• _Aim of the task_
The lines below, from the one holding "Fall in love" through the one holding "Планшет с пустым листом и стетоскоп", are to be restated word for word, with all images left out.

• _Provided records_
:::

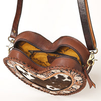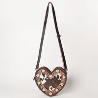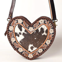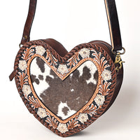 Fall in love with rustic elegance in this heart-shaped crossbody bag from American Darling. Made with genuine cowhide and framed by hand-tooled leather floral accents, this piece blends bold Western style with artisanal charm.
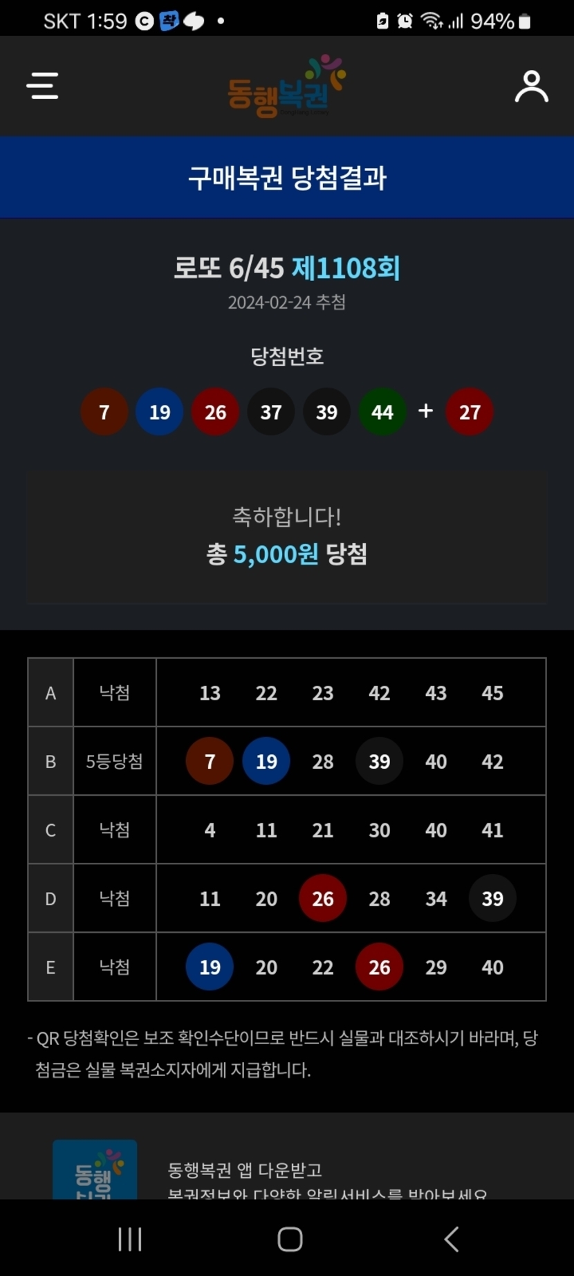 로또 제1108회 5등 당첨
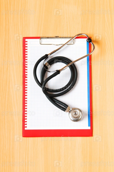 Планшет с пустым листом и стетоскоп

:::

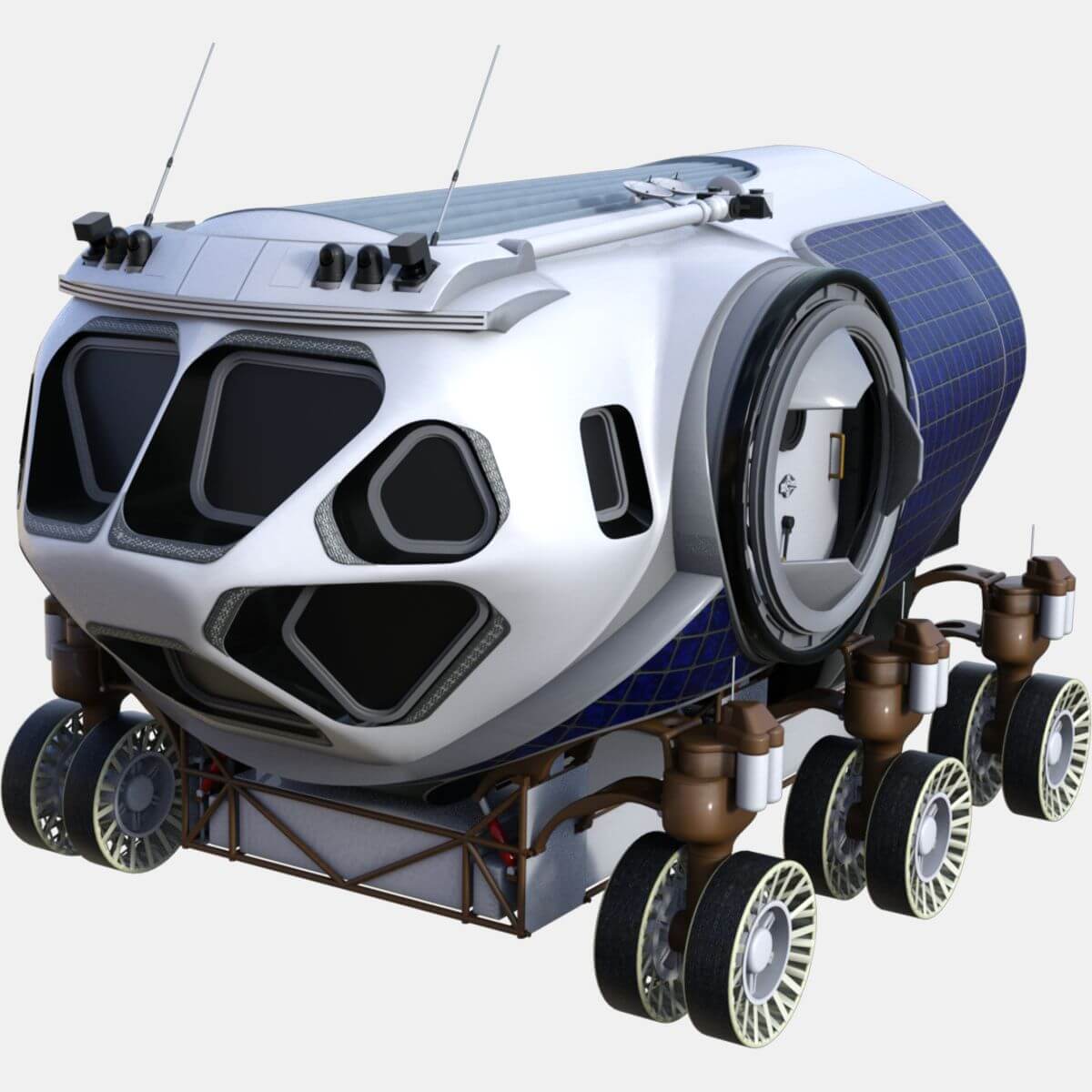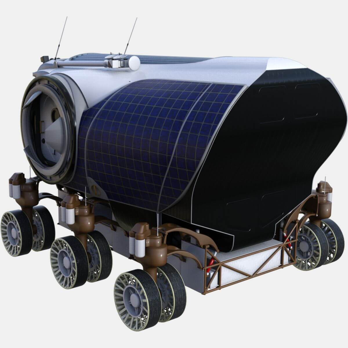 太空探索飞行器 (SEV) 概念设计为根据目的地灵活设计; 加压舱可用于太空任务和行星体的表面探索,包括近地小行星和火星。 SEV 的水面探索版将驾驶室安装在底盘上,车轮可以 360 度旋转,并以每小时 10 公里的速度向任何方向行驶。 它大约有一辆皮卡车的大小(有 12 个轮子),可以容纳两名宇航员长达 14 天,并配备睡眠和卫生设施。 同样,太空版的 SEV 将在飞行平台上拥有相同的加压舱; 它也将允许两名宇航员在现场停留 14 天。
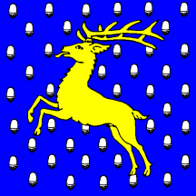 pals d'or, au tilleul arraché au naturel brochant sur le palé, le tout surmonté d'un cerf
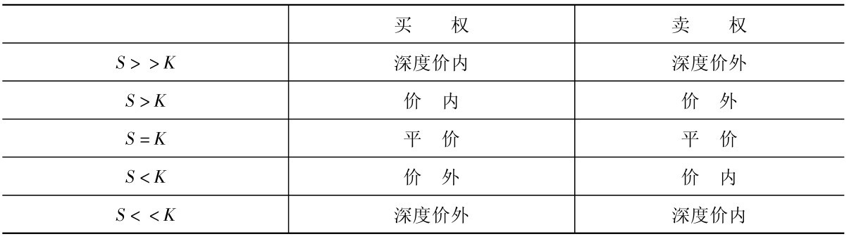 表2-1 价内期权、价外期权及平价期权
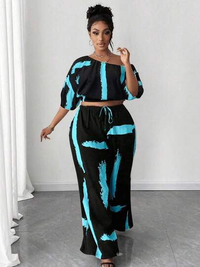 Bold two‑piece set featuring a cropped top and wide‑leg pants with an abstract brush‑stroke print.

:::

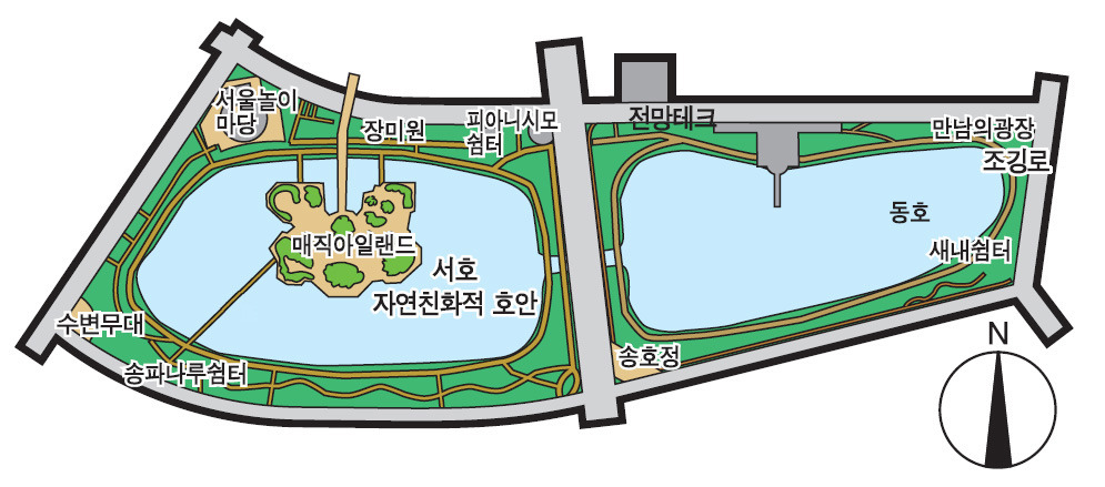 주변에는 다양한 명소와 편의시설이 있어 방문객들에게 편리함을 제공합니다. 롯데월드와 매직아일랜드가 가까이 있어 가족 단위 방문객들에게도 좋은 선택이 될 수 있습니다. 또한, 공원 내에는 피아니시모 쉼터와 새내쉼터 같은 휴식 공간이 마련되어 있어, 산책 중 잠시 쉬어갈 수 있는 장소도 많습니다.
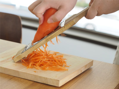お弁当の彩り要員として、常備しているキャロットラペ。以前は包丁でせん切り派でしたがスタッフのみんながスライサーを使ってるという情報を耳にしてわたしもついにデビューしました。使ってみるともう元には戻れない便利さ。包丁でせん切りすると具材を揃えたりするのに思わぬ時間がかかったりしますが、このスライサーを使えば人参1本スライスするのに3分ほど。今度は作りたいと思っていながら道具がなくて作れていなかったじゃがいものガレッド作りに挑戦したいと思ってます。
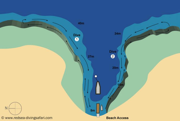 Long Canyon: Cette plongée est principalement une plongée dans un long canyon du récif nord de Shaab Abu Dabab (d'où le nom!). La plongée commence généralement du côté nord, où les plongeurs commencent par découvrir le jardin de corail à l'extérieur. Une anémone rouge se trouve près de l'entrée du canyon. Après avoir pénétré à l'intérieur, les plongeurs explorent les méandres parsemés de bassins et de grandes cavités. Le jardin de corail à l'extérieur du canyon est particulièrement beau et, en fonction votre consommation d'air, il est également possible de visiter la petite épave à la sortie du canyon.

:::

• _Solution_
 Fall in love with rustic elegance in this heart-shaped crossbody bag from American Darling. Made with genuine cowhide and framed by hand-tooled leather floral accents, this piece blends bold Western style with artisanal charm.
 로또 제1108회 5등 당첨
 Планшет с пустым листом и стетоскоп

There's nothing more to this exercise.